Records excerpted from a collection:
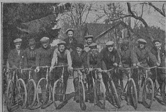
T. P. V. retkeläisiä
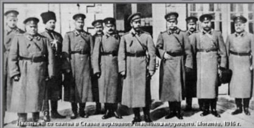
Генералы со свитой в Станке Верховного Штаба Красной Армии. Москва, 1918 г.
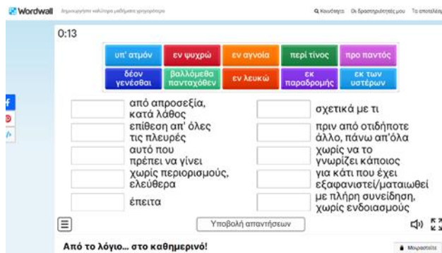
Εικόνα 1. Δείγμα ψηφιακής εφαρμογής Wordwall

το πλαίσιο χρήσης και τη σχέση των λόγων στοιχείων με τα αρχαία ελληνικά. Η δραστηριότητα ολοκληρώνεται με την αξιοποίηση του ψηφιακού περιβάλλοντος Wordwall (Εικόνα 1) για την εμπέδωση των εννοιών. Το δεύτερο διδακτικό δώρο ακολουθεί τη μέθοδο της Ανοιχτής διδασκαλίας (Kalantzis & Cope, 2001), με στόχο την ανάλυση τεσσάρων άρθρων με κοινή θεματολογία σχετικά με τη γλωσσική φθορά και τη χρήση των «greeklish», όπου οι μαθητές/τριες διερευνούν τα γλωσσικά χαρακτηριστικά, τις στάσεις των αρθρογράφων, τα επιχειρήματα και την προσαρμογή τους σε συγκεκριμένα ακροατήρια.
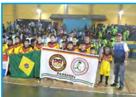
Equipe do Paraguai na Copa Sul-americana de Futebol
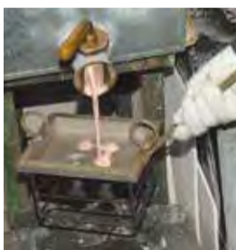
▲原料を注入している様子
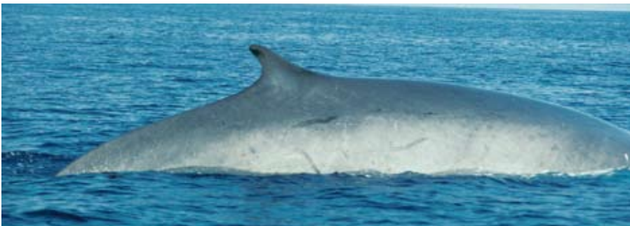
La sonde accentuée du Rorqual commun, durant son activité de chasse.

basse fréquence, pratiquement inaudibles pour l'homme. La journée estivale du rorqual est organisée sur un cycle combinant la prédation, le repos, des déplacements et quelques échanges sociaux (poursuites, sauts, nage en formation serrée). Bien que la prédation soit surtout nocturne, il n'est pas rare de voir des rorquals chasser tard dans la matinée ou dès le milieu d'après-midi : dans ce dernier cas, les sondes peuvent être profondes (plus de 500 m) et longues (plus de 18 minutes). L'activité du rorqual se traduit par des cycles sonde-surface assez stéréotypés : sondes assez longues avec séquences de respirations serrées pour la chasse, ou sonde de durée plus faible avec peu de respirations, pour le repos. Selon le cas, les rorquals peuvent se montrer curieux voire joueurs avec les voiliers qui les approchent.

Assignment =>
Produce the lines from the first line of the entries through the line that contains "Εικόνα 1. Δείγμα ψηφιακής εφαρμογής Wordwall", exactly, leaving the pictures behind.

Answer =>
T. P. V. retkeläisiä
Генералы со свитой в Станке Верховного Штаба Красной Армии. Москва, 1918 г.
Εικόνα 1. Δείγμα ψηφιακής εφαρμογής Wordwall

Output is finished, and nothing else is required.